According to analysts' opinions, dividend yields ranging from 3% to 6% are generally considered favorable. This range often indicates a balance between income and potential growth. Companies offering dividend yields in this range typically have stable and sustainable business models that generate consistent profits. In our article, 25 Things Every Dividend Investors Should Know, we mentioned Nuveen’s data which highlighted that dividend growers with modest yields achieved a return on equity of 26.8% in 2022. This outperformed stocks with higher yields above 3%, which had a return on equity of 20.4%.

Also read: 12 Dividend Kings To Buy For Safe Dividend Growth

A significant amount of research has been carried out on the Dogs of the Dow, a strategy that invests in the ten highest-yielding dividend stocks in the Dow Jones Industrial Average (DJIA). The majority of these studies point to the strategy’s tendency to outperform the S&P 500 over long periods. However, the highest-yielding stocks of the S&P 500 saw a substantial boost in performance over the years when pitted against their DJIA counterparts.

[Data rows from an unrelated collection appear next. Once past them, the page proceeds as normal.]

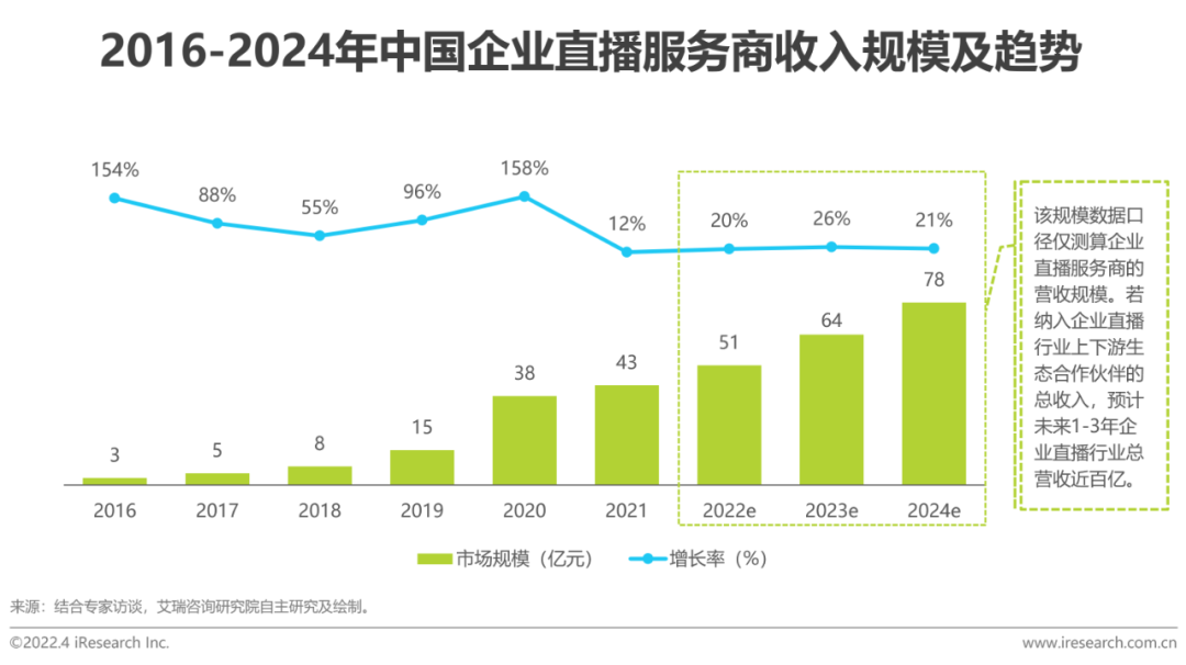 在技术发展与市场需求双重驱动下,中国企业直播市场进入深耕发展期。市场规模达到43亿元。企业客户对于直播产品的质感要求不断提升,驱动企业直播边界进一步拓展,产品、服务与技术能力进阶提升
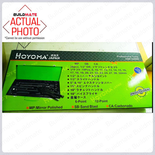 Buildmate Online DepotHoyoma COMBO SET 26PCS/ Socket Set 1/2 Drive 12 Points PLUS Hoyoma Vise Grip HT-VG10 •BUILDMATE• SPECIFICATIONS: ►19PCS: 8, 10 11, 12 , 13, 14 , 15...
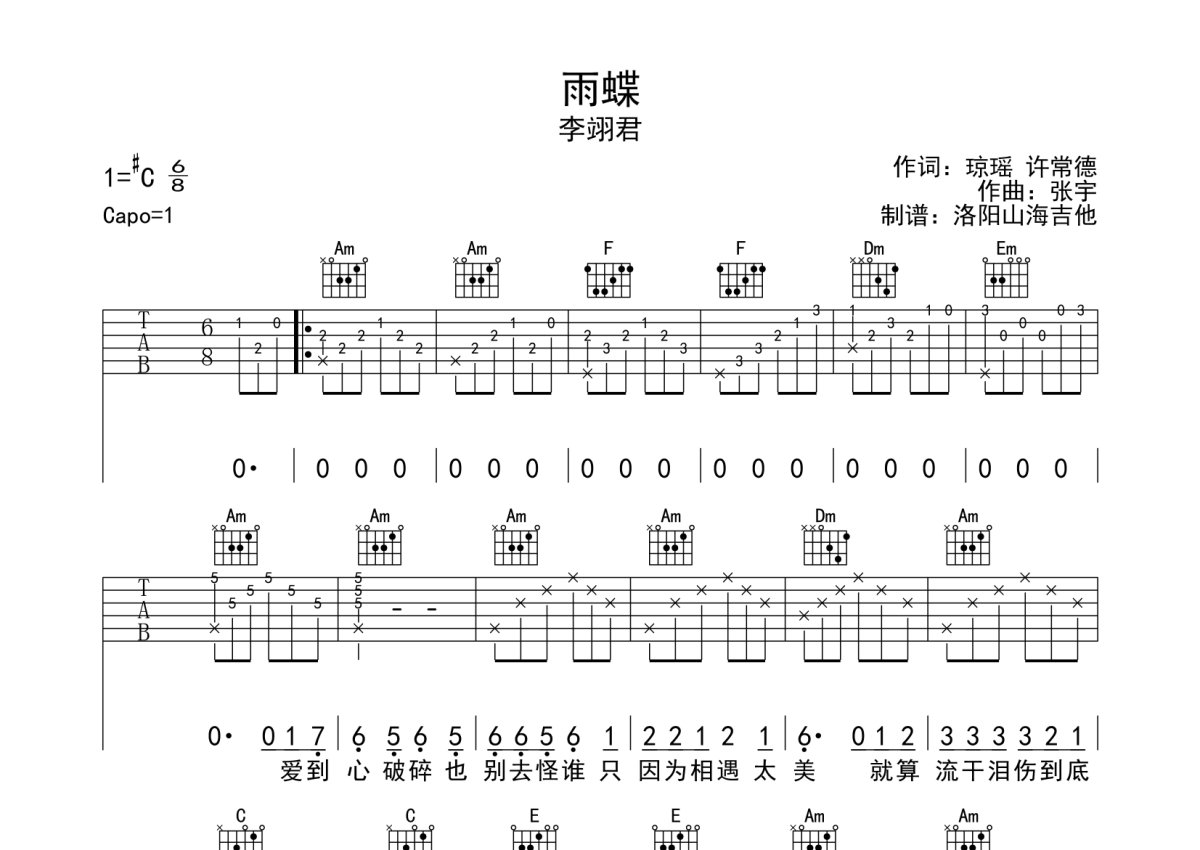 李翊君《雨蝶》吉他谱 - C调弹唱六线谱

Columbus State University’s paper, The Dogs of the Dow Strategy Applied to the S&P 500, revealed that high-dividend S&P 500 stocks delivered higher raw returns than both the Dogs of the Dow and the S&P 500 over 18 years (from 2000 to 2017). According to the report, the Sector Dogs, the five highest-yielding dividend stocks of the S&P 500, delivered average monthly returns of 0.960%, compared with 0.749% returns of Dogs of the Dow. The paper also mentioned that Sector Dogs’ buy and hold returns during this period came in at 12.62%, in comparison with a 4.9% return of the S&P 500.